実際の所、彼らは後輩に仕事を押し付けて逃げていたのだが、そんな事は北瀬は知らない。
「あの! 成宮さん……ですよね」
「おっ、薬師のエースじゃねぇか」
「俺になんか用?」
咄嗟に話しかけてしまった北瀬は、俺は何で話しかけたんだろうと自分の思考を疑いながら返事をする。
何を話しかけようとしてたんだっけ。たしか、吹奏楽部も来てくれた青道高校との対戦を見ようと思ってて、成宮さんの投球が凄くて、たった1点しか取られなかったんだよな……
北瀬は何でこんな名門校選手に話しかけてしまったんだろうと後悔しつつも、どうにか会話を成立させた。
「えっと、その、成宮さんが青道相手に投げた試合……凄かったです」
「そうだよねっ! さすがは俺! ……それで? 他に言う事無いの」
成宮の自信に満ち溢れた言葉を聞いた北瀬。凄い人間だな、自身が有り過ぎないか、でもカッコいい気がするなどとと色んな意味で感心しながら、話の続きを必死に考えていた。
青道さんが負けたのは吹奏楽部が可哀想だけど、稲城実業と戦えるのは嬉しい気がする。
相手は強くて勝てるか分からないけど、前戦った時、成宮さんとの試合は楽しかったな……それだ、俺はそれを話そうとしてたんだ! 北瀬は話したかった事を思い出し、
「えっ、いや……稲城実業と戦った時が1番でした。また戦えて嬉しいです」
正確に言いたい事を言ったとするなら、成宮鳴さん率いる稲城実業と戦った時が1番楽しかったです。また戦えて嬉しいです。今度こそ正々堂々と勝ちに行きます、といった内容だったが北瀬は話せていなかった。
今度こそ正々堂々と、と口にしてしまうと卑怯な作戦を実行したみたいなので、言えなくて正解だったかもしれないが。
「ふーん……俺達が1番強かったって事か。そりゃそうだよ、だって俺がいるもんね!」
「調子に乗るな。成宮がピッチャーライナーに当たっていなければ、俺達が勝っていた」
「とは言っても、勝負ってのは時の運もあるからなぁー」
成宮は、言葉の足りない北瀬の言った事を都合良く解釈し、ドヤ顔で口にしていた。
白河には北瀬の言葉が、稲城実業をバカにしている言葉に聞こえた様で、イラッとしながら言い返していた。まあ彼はだいたいいつもイライラしているが……
それに、カルロスは白河の言う事を修正したように見えて、きっちり前回薬師が勝ったのは運が大きいと口にしていた。
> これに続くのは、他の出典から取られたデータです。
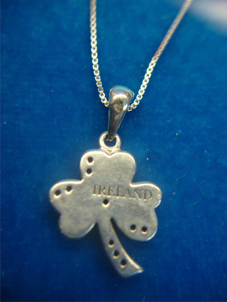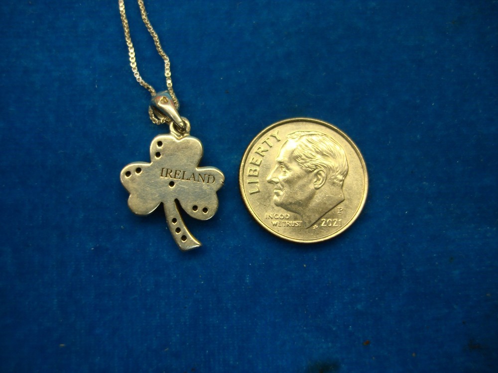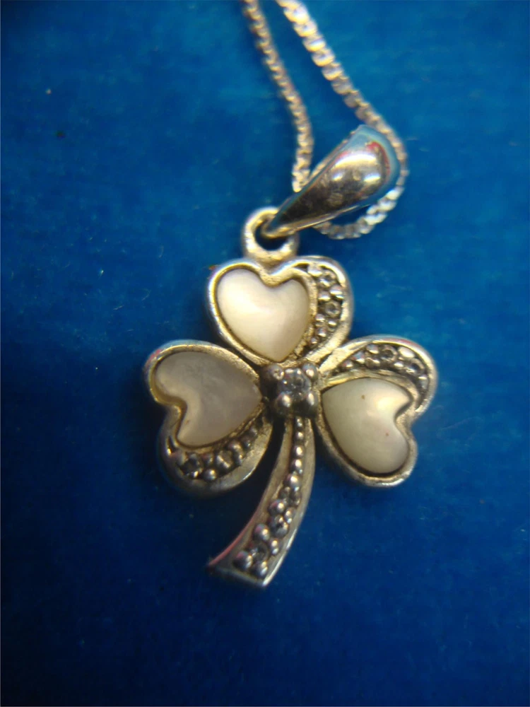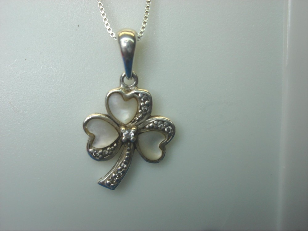 STERLING SILVER SHAMROCK PENDANT WITH MOP & 18" BOX LINK STERLING SILVER CHAIN STERLING SILVER SHAMROCK PENDANT WITH MOP & 18" BOX LINK STERLING SILVER CHAIN Description ********* HERE'S A PRETTY STERLING SILVER SHAMROCK PENDANT WITH MOTHER OF PEARL INSERTS. SHAMROCK IS MARKED "IRELAND" AND HAS OTHER MARKINGS. COMES WITH 18" STERLING SILVER .65 MM SQUARE BOX LINK CHAIN. TOTAL WEIGHT OF UNIT IS 3.2 GRAMS. PREOWNED BUT IN GREAT CONDITION. BE SURE TO TAKE A LOOK AT THE PHOTOS. PLEASE NOTE : OUR PRICES ARE FIRM. THEY ARE THE LOWEST WE CAN SELL IT FOR. WE DO NOT ACCEPT OFFERS. IF YOU OFFER..YOU WILL BE BLOCKED Terms, Payment and Shipping Information We currently only ship to the United States and through eBay's Global Shipping Program. We will help with shipping and handling charges on multi-auction wins. Shipping is usually $1.00 per auction after the first, unless there are weight or size issues. You must ask for a combined invoice when you are done buying or bidding. Most folks figure the S/H charges into their total price. A careful eBayer who takes the time to study the photos, reads the entire description, and asks pertinent questions is our best customer. The digital images we display have the most accurate color possible. However, due to differences in electronic displays, we cannot be responsible for variations in color between the actual product and your display. We reserve the right to cancel any bid. Be sure to check out our other items: Listing and template services provided by inkFrog

彼の言い分は言い訳っぽいが、エースが打球に当たって故障負けなんて、文句も言いたくなるだろう……稲城実業スタメンのプライドは、大概めちゃくちゃ高いのもある。
「薬師高校……俺か真田先輩が先発すると思います。俺も全力で行きます。だから、ピッチャーは成宮さんを出してください」
北瀬は、俺は何を偉そうに何を言っているんだと思いながら、それでもこの言葉を後悔しなかった。
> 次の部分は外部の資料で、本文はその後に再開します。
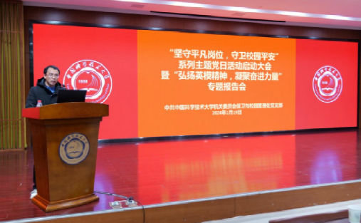 1月19日,保卫与校园管理处党支部在东活五楼报告厅开展“坚守平凡岗位,守卫校园平安”系列主题党日活动启动大会暨“弘扬英模精神,凝聚奋进力量”专题报告会,处全体党员、校园巡查大队队员、学生宿舍楼管老师、物业服务企业及保安公司骨干员工,合肥市公安局驻必威棋牌网址为民警务站公安干警等130余人参加此次活动。会议由保卫与校园管理处处长顾韬主持,校党委常委、副校长王晓平,机关党委副书记、党政办公室副主任唐宁到会指导。

(俺は、甲子園よりも……成宮さんともう一度戦いたい!)
「何言ってんの? 当然じゃん……俺が出るからには、俺達が勝つよ」
「次は、マグレで勝てると思うなよ」
「俺達の強さは、一応知ってると思うがな……悪いけど、今回負ける気しねぇから」
勇気を振り絞って北瀬は、薬師高校に対して成宮を出せと言ったが、言われた稲城実業メンツは少し困惑していた。
だって、前回負けた甲子園ベスト4の対戦相手に、エース成宮を出さない筈が無いからである。
後、絶対お前が登板するに決まってるだろ。2番手ピッチャーに投げさせる余裕なんて無いだろ? 無いよな? そう稲実メンバーは考えたからだ。
そんな時、成宮は当然の顔をして、俺が出るから勝つと断言。稲城実業メンバーもその言葉を聞き、少し安心した顔で絶対勝つと肯定する。
打撃能力が最高クラスの薬師高校に、俺達は勝てるのか。少しだけだがそう言った不安を抱いていた彼らの不安を、エースが晴れさせたのであるのである。
そんな彼も実は、ピッチャー単体では、北瀬に負けている事を内心分かりきっていた。
打撃面でも、薬師高校には勝てないと分かり切っていた。
___それでも、俺が出たら絶対に勝つ。
そう断言出来る強さを、成宮鳴は持っているのだ。
あるいは自信過剰とも言うのかもしれないが、この強気な性格が野球で有利に働く事は確かだろう。
「薬師が打撃で勝ちます……ありがとうございました」
何にありがとうと言っているかを言わないまま、北瀬は自販機の前を去った。
正確にいうなら、成宮さんが率いる稲城実業相手でも薬師高校が打撃で勝つつもりです、話を聞いてくださってありがとうございました。という意味だ。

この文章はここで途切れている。